Scott-Samuel: Visual perception Flashcards
Lecture 1- What are the four main forms of constancies in vision?
Size, light, colour, and shape.
And the important thing to know about constancies is that its all about context, our perception of size, colour, light and shape is skewed by the surroundings
Lecture 1-
Cone vs. Rod cells
cone- Responsible for central vision, colour vision, and functioning in well-lit conditions.
rod- Responsible for peripheral vision and seeing in dim light; they cannot detect colour.
Lecture 1- What is the function of retinal ganglion cells?
Detect edges, lines, and changes using their receptive fields.
Lecture 1: What are the two types of retinal ganglion cells, and how do they differ?

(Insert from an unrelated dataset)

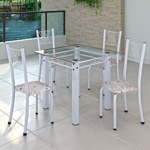 Quer deixar sua casa completa? Uma dica bacana de como transformar o seu lar, deixando-o mais receptivo e bonito? Então você precisa de móveis indispensáveis e deixar seu lar muito mais aconchegante, receptivo e sempre disponível para receber a visita de amigos, familiares e convidados. Você vai se apaixonar por este incrível Conjunto de Mesa com 4 Cadeiras Dany. Ideal para cozinha, ele é a melhor opção para completar o espaço. Aproveite!! Medida da Mesa (A x L x P): 75 cm x 75 cm x 75 cm Peso da Mesa: 12,6 kg Mesa suporta até: 8.0000 Acabamento da Cadeira/Banco: Pintura Texturizada Acabamento da Mesa: Pintura Texturizada Ambiente Principal: Cozinha Cadeira/Banco estofada: Somente Assento Estofado Cadeira/Banco suporta até: 120.0000 codigo_ean: 7909903360781 Complexidade da Montagem: Média: pode ser montado por mais de uma pessoa e/ou necessite de maior conhecimento para montagem Cor: Botanic Bege/Branco Cor do Produto: Botanic Bege/Branco Escala de Brilho: Semi-Brilho Espessura do Tampo: 6 mm Itens Inclusos: 1 Mesa, 4 Cadeiras, Kit Ferragens e Manual de Montagem Linha ou Coleção: Sara Manual de Especificação Técnica: https://product-hub-prd.madeiramadeira.com.br/860726/documents/814f389d-6348-4124-8bc1-bc343e2779e7parasaladejantarv02yescasa.pdf Manual de Montagem e Instalação: https://product-hub-prd.madeiramadeira.com.br/860726/documents/705e2eb2-d487-4532-93d2-5ece3c172e33idrosaladejantarv02yescasa.pdf Manutenção: Pano levemente umedecido e pano seco. Não utilizar produtos de limpeza abrasivos. Material da Base da Mesa: Aço Material da Estrutura da Cadeira: Aço Material do Tampo: Vidro Medida da Base (A x L x P): 74,3 cm x 73 cm x 54 cm Medida da Cadeira/Banco (A x L x P): 95 cm x 40 cm x 37 cm Medida do Tampo (L x C x E): 75 cm x 75 cm x 0,6 cm Necessita Montagem: Sim Origem do Produto: Nacional Peso da Cadeira/Banco: 2,94 kg Possui Apoio Para os Pés: Não Quantidade de Cadeiras: 4 Quantidade de Lugares: 04 Recomendações de Uso, Manutenção e Limpeza: Pano levemente umedecido e pano seco. Não utilizar produtos de limpeza abrasivos. Sistema de Montagem: Parafusos Vidro Temperado: Sim

Parvocellular cells: Larger cell bodies, larger receptive fields, colour-sensitive, found in the fovea, and have prolonged responses.
Magnocellular cells: Not colour-sensitive, distributed throughout the retina, and have transient responses.
Lecture 1: Q: What is the role of the lateral geniculate nucleus (LGN)?
Acts as a filter between the retina and primary visual cortex (V1), reducing signals to avoid overwhelming the brain.
Lecture 1: Where is the primary visual cortex (V1) located, and what does it detect?
Located at the back of the head; it detects oriented edges and bars, their movements, and their ends.
Lecture 1: What are the three types of cells in the primary visual cortex, and how do they differ?
Simple cells: Detect specific orientations, bar widths, and are fixed in location.
Complex cells: Larger, detect moving stimuli, and have no fixed location.
Hyper-complex cells: Similar to complex cells but have inhibitory ends that prevent signals from passing if the stimuli are too large or move in the wrong direction.
Lecture 1: What are the two visual streams, and what do they detect?
Ventral (temporal) stream: Detects “what” (objects, shapes, and identities).
Dorsal (parietal) stream: Detects “where” (location and motion).
Lecture 2- What are canonical views in the context of visual perception?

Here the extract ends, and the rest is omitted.